We can also look at most frequent offending classes and packages to identify areas of our code that could use a little love, better documentation, or better usage instructions. It’s also easy to see the most common problems our users have. Some interesting facts:
Conclusion
As you can see there’s lots of interesting information to discern from the data we now have using Inbound Email Services. Being able to automatically accept and parse this information in near real-time and have Salesforce drive our visualizations using simple dashboards provides a level of visibility into our eco-system previously near-impossible without serious custom charting and coding. Email handlers provide an incredible array of flexibility, providing a common endpoint into your system for a variety of automated information from any standardized source (not to mention the SOAP and REST APIs!)
In addition, being able to bind the results into an existing data structure, in this case our LMA, gives us the opportunity to cross-reference data we wouldn’t otherwise have.
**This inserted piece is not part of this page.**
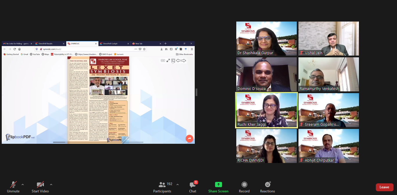 The panel discussion was followed by Paper Presentations in two parallel breakout rooms. The first room was chaired by Dr. Kanan Divetia, Faculty of SLS-Noidaand Dr. Atmaram Shelke, Faculty of Symbiosis Law School, Pune and the discussion was compered by Prof. Richa Dwivedi, Assistant Professor, SLS-P. The panel witnessed 4 paper presentations. The concluding Remarks were given by Prof. Kshitij Naikade, Assistant Professor, Deputy Director (Admin) SLS, Pune. The second room was chaired by Dr. Meera Mathew, Associate Professor, Symbiosis Law School, Noida and the discussion was compered by Prof. Garima Panwar, Assistant Professor, SLS-P. The panel witnessed 5 paper presentations. The concluding remarks for this session was given by Dr. Baidurya Chakrabarti, Assistant Professor, SCMC, Pune
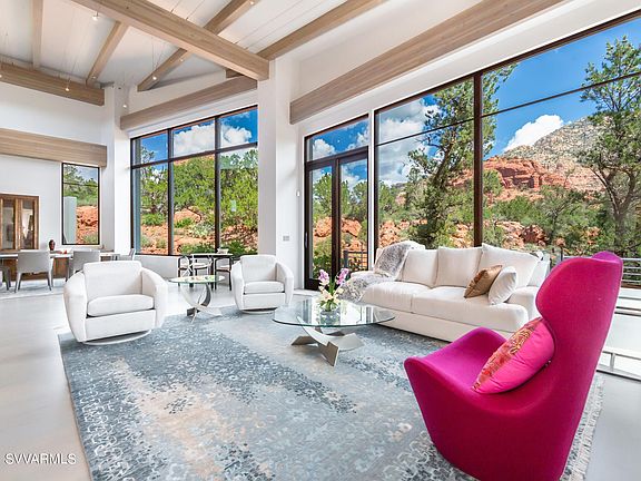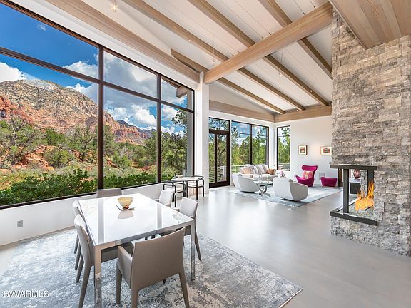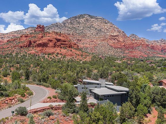 Stunning red rock views and an abundance of privacy, this home is everything you've been dreaming of and more. Located behind the gate in Thunder Mountain Ranch, this property fully utilized the building pad with Coconino National Forest just steps off the back patio. Thoughtfully designed by renowned architect Eric Brandt who describes the property ''While being modern, smooth and sleek in character, the home engages the rugged, natural setting.'' Built by Glenn Farner, this Sedona Home has the highest possible standards .3 Bedrooms plus office with elevator. Dramatic first impressions as you enter the great room featuring walls of glass incorporating the views into the contemporary living space. You'll fall in love with the clean lines, grey-stained oak hardwood floors, exposed beams, and the ultramodern kitchen highlighting one-of-a-kind Italian hood as a focal point, waterfall granite island, subzero refrigerator, miele dishwasher, and wine cooler. Luxury finishes throughout include floor-to-ceiling stacked stone ultra-chic fireplace, distinctive granite counters, elevator, electronic shades, and an oversized master bath with rain shower, jetted tub, and TOTO toilet. Outdoor living features a minimal upkeep lifestyle comprising of a covered patio off the kitchen with built-in BBQ and a wrap-around deck accessible from multiple points.

The power of being able to quickly spot organizations that may be in trouble and identify a fix pro-actively, without them filing a support case or picking up the phone, is the testament to the power of the Cloud. Imagine calling your users and saying: “It seems like you might be having a problem, I can help you fix that right now.”
There’s an array of email you receive on a daily basis that would be useful to view in aggregation. I’d love to hear about your creative uses for the Inbound Email Services, or other interesting force.com hacks to help you manage your own instance, LMA/LMO, or entire eco-system.